US Senate Shows Initiative on Wilderness Preservation
The U.S. Senate didn’t take long to address some unfinished business from last year, passing an omnibus lands bill with a resounding majority of 66-12 in an unusual Sunday session on January 11th. The bill, S.22 sponsored by Senator Bingaman, D-N.Y., is entitled “A bill to designate certain land components of the National Wilderness Preservation System, to authorize certain programs and activities in the Department of the Interior and the Department of Agriculture, and for other purposes”. It consists of an amalgam of 160 different bills, including many new or expanded wilderness areas. In fact, the bill provides protections to an additional 2 million acres of wilderness all over the country, from West Virginia to Colorado, to Oregon and California; it also includes new protections from oil and gas development, and a range of other environmental measures.

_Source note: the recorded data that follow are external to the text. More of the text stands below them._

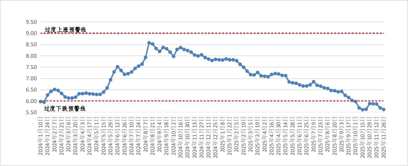11月份,受生猪出场价格下降及玉米批发价格波动影响,我区猪粮比价小幅下行。11月5日、12日、19日、26日全区猪粮比价分别为5.87:1、5.86:1、5.69:1、5.62:1,处于过度下跌三级预警区间。
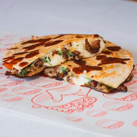 Deliciosa tortilla de trigo, queso mozzarella, guacamole.
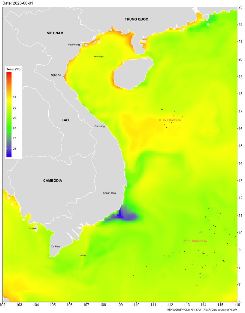 Trang nhất/ Dự báo khai thác theo đối tượng Dự báo nhiệt độ nước biển tầng mặt từ 01-07/6/2023 Mùa vụ: Vụ Nam () | Năm dự báo: 2023 | Tháng dự báo: 06/2023 Đối tượng dự báo: Trường nhiệt độ nước biển mặt Cơ quan dự báo: Trung tâm Dự báo ngư trường Khai thác hải sản
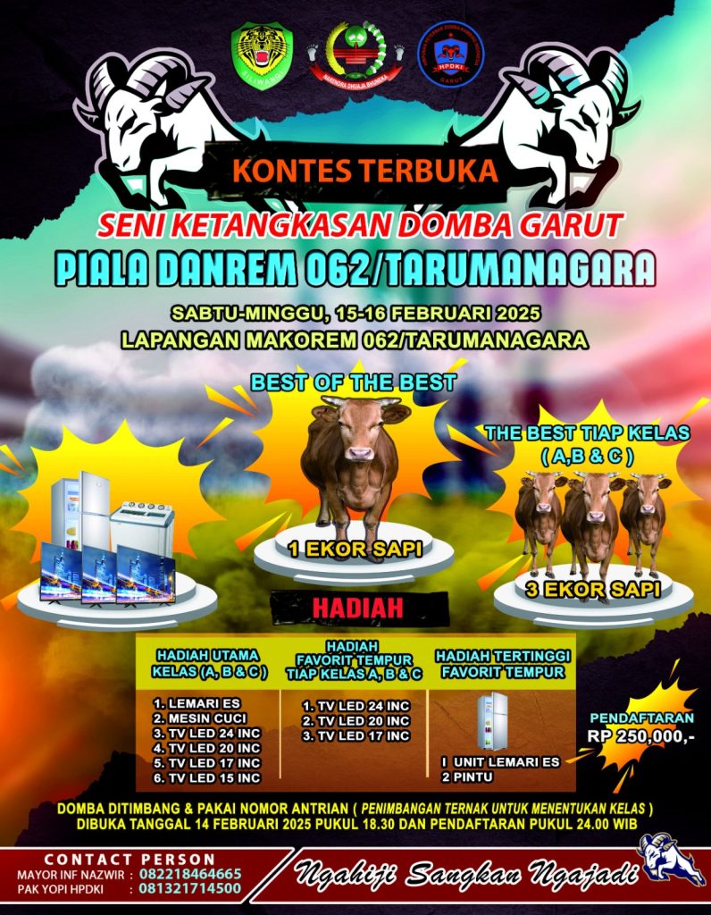 GANTARITV.COM (Puspen TNI) – Dalam rangka melestarikan kearifan lokal dan memperkuat kemanunggalan TNI dengan rakyat, Korem 062/Tarumanagara akan menyelenggarakan Kontes Terbuka Seni Ketangkasan Domba Garut Piala Danrem 062/Tarumanagara. Acara ini akan digelar pada Sabtu-Minggu, 15-16 Februari 2025, bertempat di Lapangan Makorem 062/Tarumanagara, Jawa Barat, Rabu (12/02/2025).
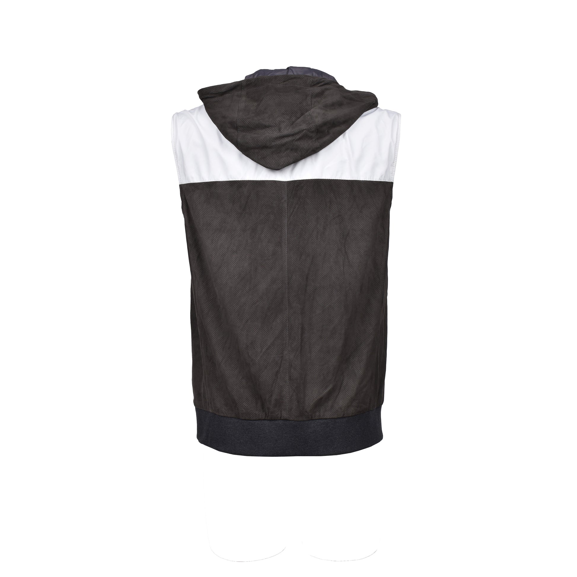 BRUNELLO CUCINELLI MEN'S TWO TONE ATHLETIC SUEDE HOODIE VEST/JACKET

Polls have repeatedly found that the American public strongly supports more wilderness designation, and political history since the passage of the Wilderness Act of 1964 indicates that wilderness designation is truly a bipartisan issue. That’s hardly a surprise in an overcrowded, overheated, stressed out planet that is running out of open space and natural resources. Additional wilderness protection is wonderful news and worthy of celebration, but it really is – or should be – just a matter of simple common sense. Let’s hope the U.S. House of Representatives sees it the same way and acts with the same speed and clarity of purpose as the Senate.